_Data for processing:_
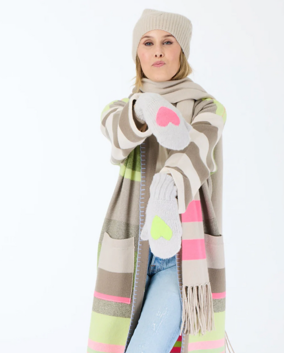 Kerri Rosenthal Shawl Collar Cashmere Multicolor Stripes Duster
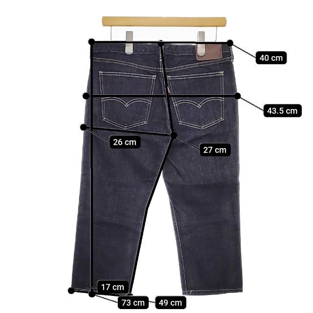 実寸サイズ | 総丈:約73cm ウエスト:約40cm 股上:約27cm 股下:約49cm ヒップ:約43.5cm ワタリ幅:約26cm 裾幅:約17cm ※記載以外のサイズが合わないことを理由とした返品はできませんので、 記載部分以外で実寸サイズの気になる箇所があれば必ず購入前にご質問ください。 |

* * *

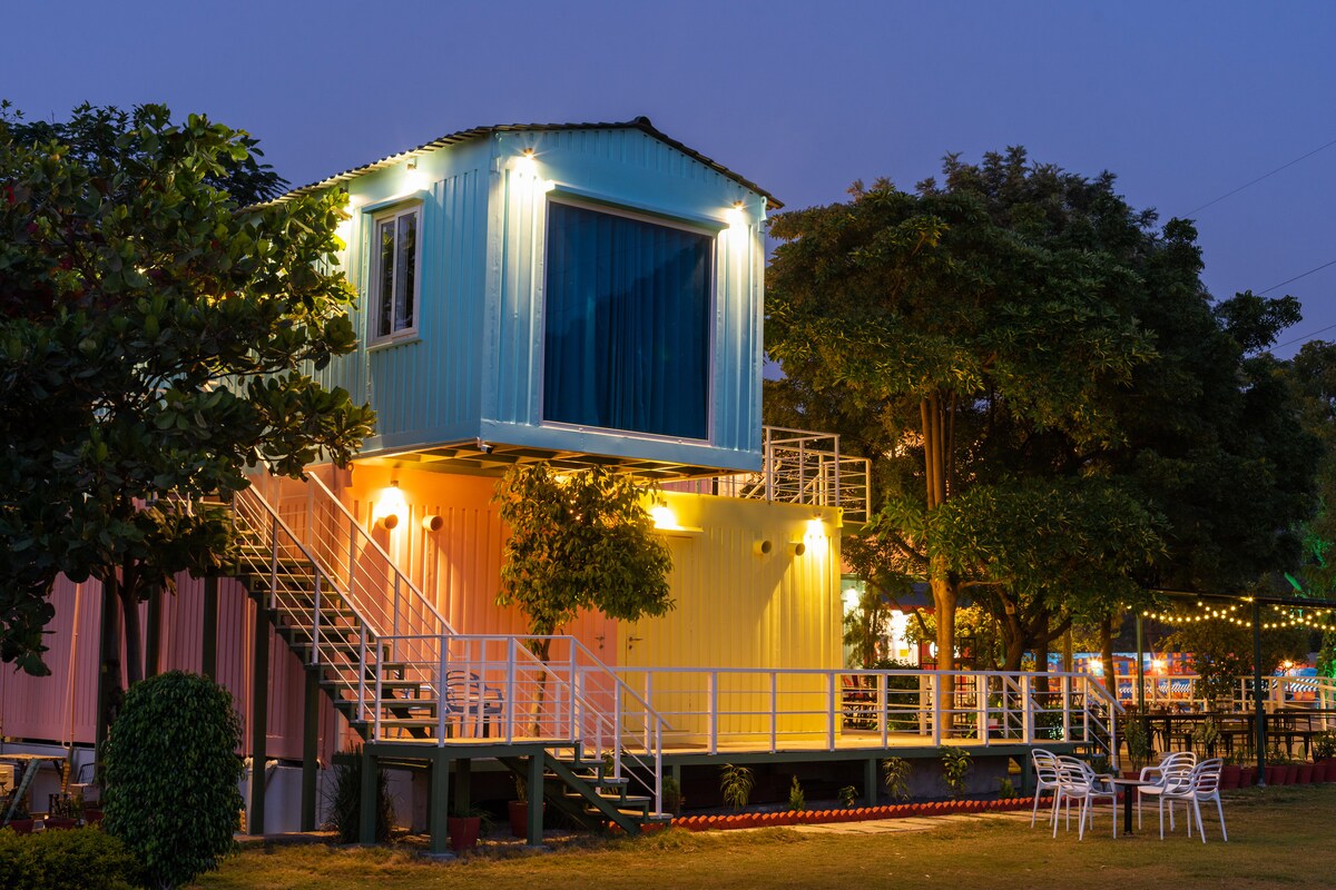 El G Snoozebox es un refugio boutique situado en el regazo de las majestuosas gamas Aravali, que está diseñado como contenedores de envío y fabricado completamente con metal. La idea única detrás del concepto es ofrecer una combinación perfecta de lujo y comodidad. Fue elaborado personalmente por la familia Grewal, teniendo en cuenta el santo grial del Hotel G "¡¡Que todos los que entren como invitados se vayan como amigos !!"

--

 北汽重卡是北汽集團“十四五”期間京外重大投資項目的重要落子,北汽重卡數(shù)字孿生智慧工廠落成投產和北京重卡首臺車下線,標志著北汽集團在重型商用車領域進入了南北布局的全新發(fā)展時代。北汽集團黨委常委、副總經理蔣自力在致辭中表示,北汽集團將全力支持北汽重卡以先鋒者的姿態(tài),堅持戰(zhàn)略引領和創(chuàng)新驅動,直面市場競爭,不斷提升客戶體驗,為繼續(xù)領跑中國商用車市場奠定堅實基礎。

_Exercise:_ Output only the lines above from the line that holds "Kerri Rosenthal Shawl" through the line that holds "実寸サイズ | 総丈:約73cm", both ends included, and exclude pictures.

_Task result:_
 Kerri Rosenthal Shawl Collar Cashmere Multicolor Stripes Duster
 実寸サイズ | 総丈:約73cm ウエスト:約40cm 股上:約27cm 股下:約49cm ヒップ:約43.5cm ワタリ幅:約26cm 裾幅:約17cm ※記載以外のサイズが合わないことを理由とした返品はできませんので、 記載部分以外で実寸サイズの気になる箇所があれば必ず購入前にご質問ください。 |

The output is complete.